Output the data below only from the line containing "スタッキング(積み重ね)でき" up to and including the line containing "Concert Outfit Plus", exact and with the pictures left out.

(Input begins)

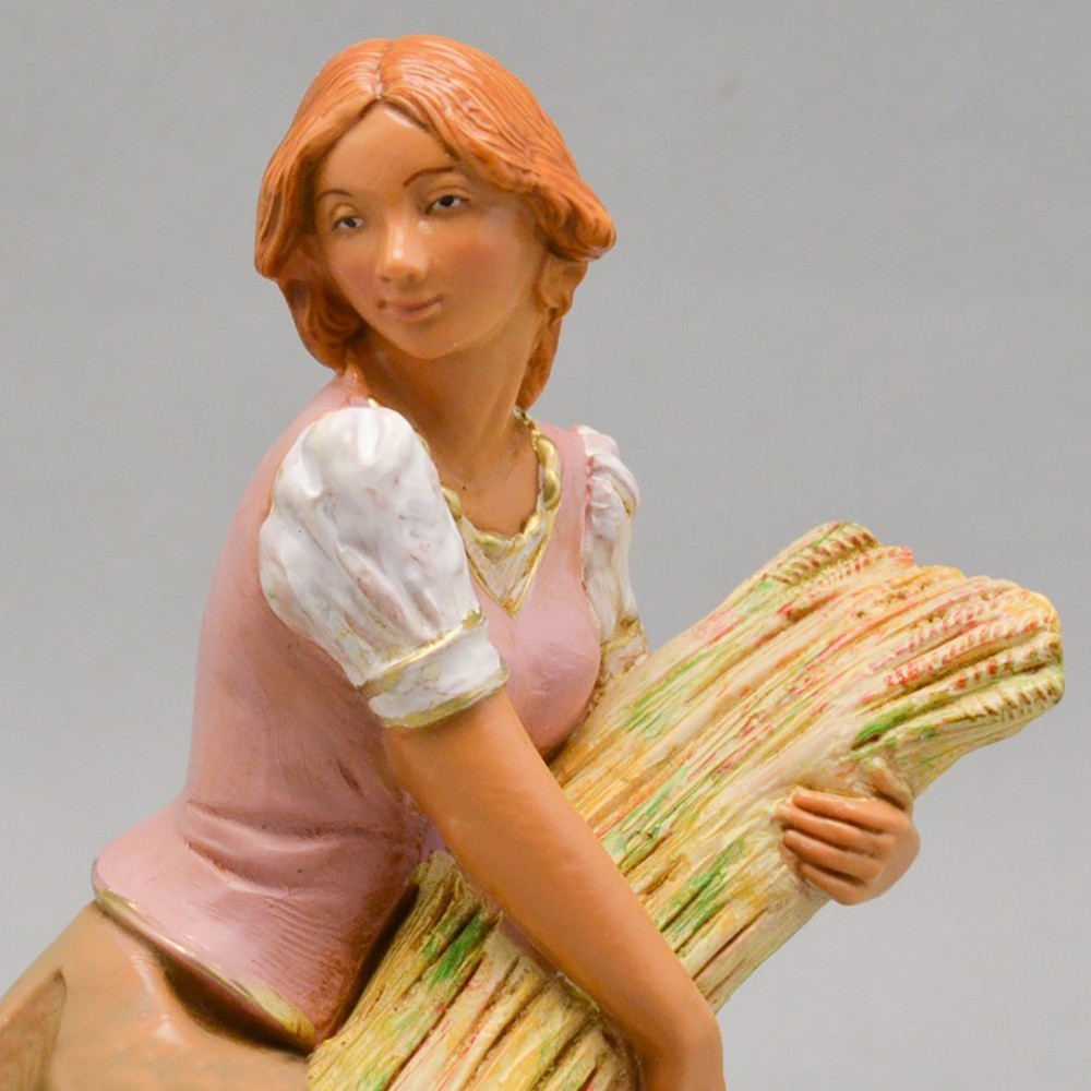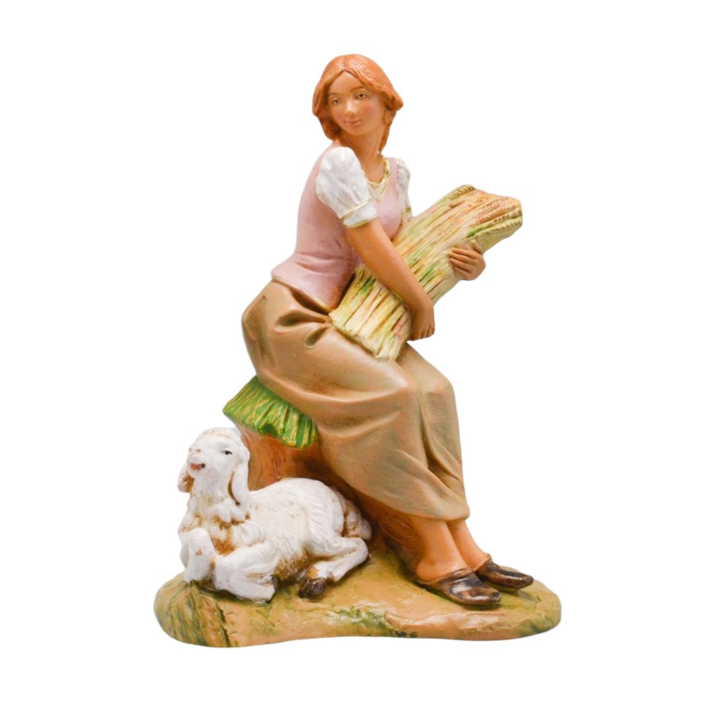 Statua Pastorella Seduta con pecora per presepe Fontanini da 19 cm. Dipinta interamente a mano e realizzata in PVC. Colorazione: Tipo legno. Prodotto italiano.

(Input ends)
(Input begins)

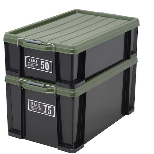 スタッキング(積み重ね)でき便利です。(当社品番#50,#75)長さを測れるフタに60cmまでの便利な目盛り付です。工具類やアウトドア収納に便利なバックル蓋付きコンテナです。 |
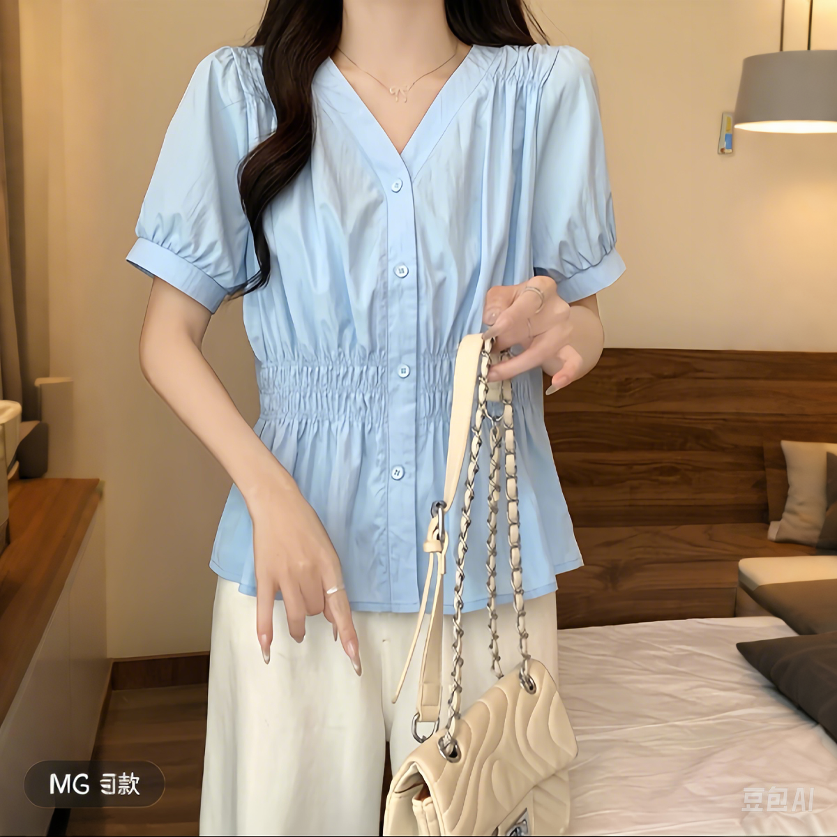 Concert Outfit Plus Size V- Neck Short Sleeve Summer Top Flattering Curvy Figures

(Input ends)

■ Your solution ■
 スタッキング(積み重ね)でき便利です。(当社品番#50,#75)長さを測れるフタに60cmまでの便利な目盛り付です。工具類やアウトドア収納に便利なバックル蓋付きコンテナです。 |
 Concert Outfit Plus Size V- Neck Short Sleeve Summer Top Flattering Curvy Figures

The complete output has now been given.